REVIEW: ComCo Presents: Chest Hairs Roasting On An Open Fire

Let me tell ya, folks, there is nothing like raunchy humor in improv comedy to really get you in the holiday spirit.

Before the show, instead of plum fairies or whatever on my mind, I thought only of finals and what the hell I was going to get my brother for Christmas. Afterwards, here I am in full St. Nick mode, my cheeks flushed, my voice jolly, my generousitity with baked goods at an all-time high. My mood has been lifted from its normal haunt (the gates of hell) up to the North Pole. I am only a little bit terrified of a future full evolution into that bearded chimney penetrator.

When I stepped into Angell Hall Auditorium A that evening I was shocked to find the crowd so large I couldn’t find a seat. Almost every event I review hosts a meager audience, sometimes no more than an infant’s handful of people showing up. It was refreshing to see so many people showing up to support the school’s longest-running comedy group.

The show was structured into several creative exercises they called games. There was I like my men like I like my _____, a chaptered story, another with characters who could only say the same two sentences, and others. While the scenes almost always slapped, the way they accepted suggestions from the audience wasn’t optimal. Often a repeated, audience-endorsed phrase would be ignored in favor of another they deemed usable. A true improv artist would never cherry-pick in this way. But regardless of this minor transgression, the group showed how deeply talented they are at coming up with often complex jokes and wordplay on the spot. I was most impressed with how long they kept up the full novel about the murderous reindeer, though they had to scrap a few chapters early on because they weren’t panning out well.

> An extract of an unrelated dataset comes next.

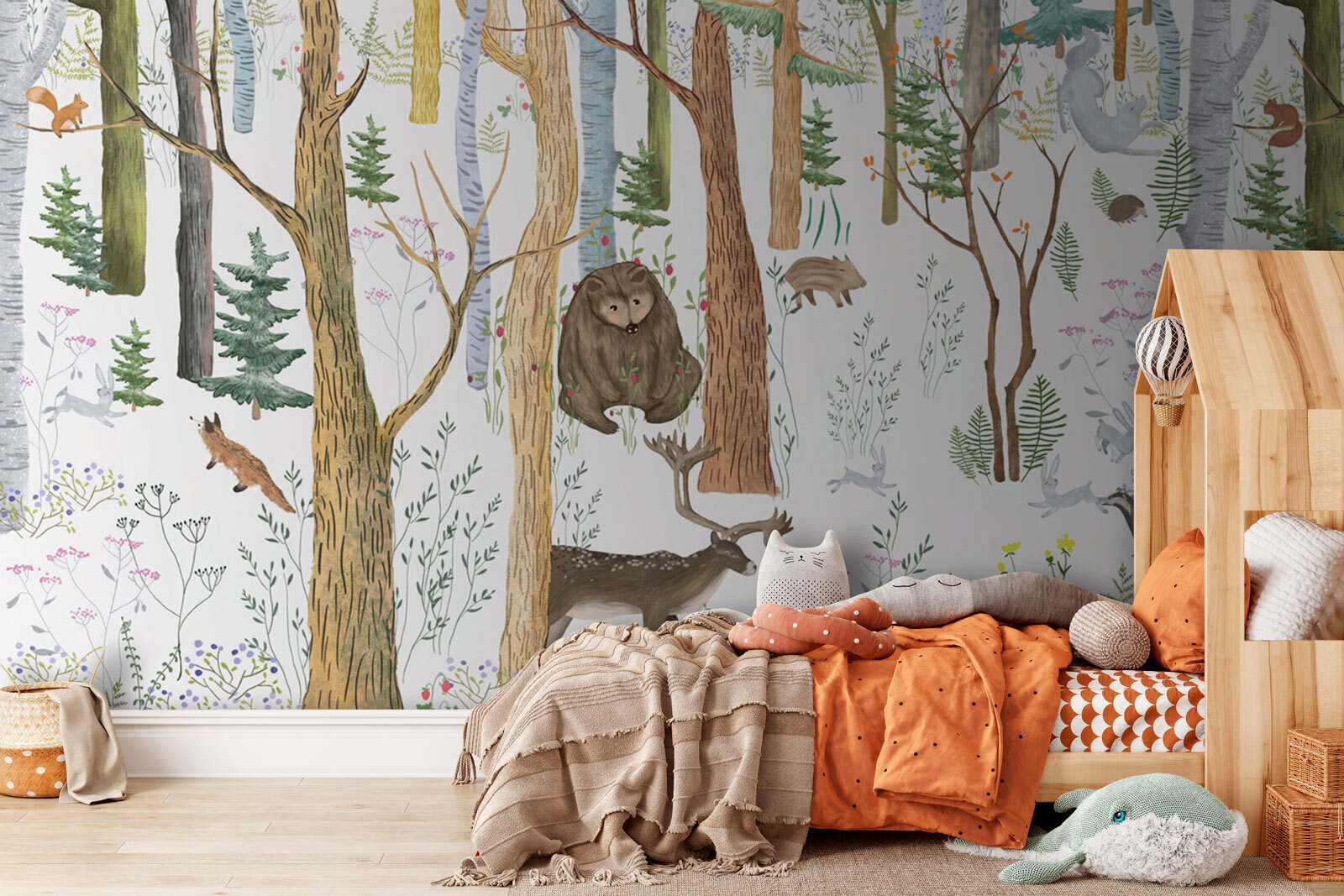 Deze muurschildering past perfect in kinderkamers, kinderspeelkamers of waar je maar een vleugje verwondering en vrolijkheid wilt toevoegen. Het is charmant genoeg voor baby’s, maar ook fascinerend voor opgroeiende kinderen. Telkens als je binnenkomt, is het alsof je een sprookje binnenstapt. Stel je voor dat verhaaltjes voor het slapengaan een nieuwe diepte krijgen, waarbij je kind een hert aanwijst of een ondeugende eekhoorn die ze eerder hebben “ontmoet”. Een muur die met hen meegroeit? Onbetaalbaar!

I’m sure it takes a lot of confidence to get on stage without a script and play a fool for a room of peers paying $2 a ticket. And I’m sure the power of making an entire audience dissolve into laughter from something you came up with a second ago is worth much more than most other pursuits. There are few opportunities like this that so fully improve the mood of everyone involved. It takes a certain kind of person to pull forward such powerful extroversion for a constructive use.

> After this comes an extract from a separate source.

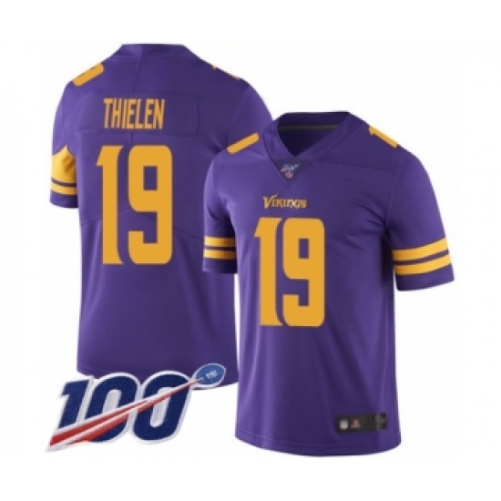 >Men's Minnesota Vikings #19 Adam Thielen Limited Purple Rush Vapor Untouchable 100th Season Football Jersey

If you posess any rational thoughts at all, you will be wondering when the next Comco performance is. You’ll be able to attend another in mid-January after the semester begins, again in Angell Hall Auditorium A at 8pm.



PREVIEW: ComCo Presents: Chest Hairs Roasting On An Open Fire

When I saw the poster for this event and noted the strikingly distinct abdominal muscles of their Burt Reynolds drawing, I knew I had to go. Finals szn is truly upon us, and I for one am crawling out of my skin trying to pull my GPA out of the grave I’ve dug for its once-great body. We deserve a break to simply sizzle in nonsense for a while.

Join me in this holiday-scented adventure in improv comedy Friday, December 6th at 8pm in Angell Hall, Auditorium A. Admission is just $2 for a wild night of laughs. Bring your friends, your coworkers, your lovers, and (most importantly) your chest hair. If I can find some way to stick some of my split end trimmings on my chest, I promise to do it in the shape of a heart.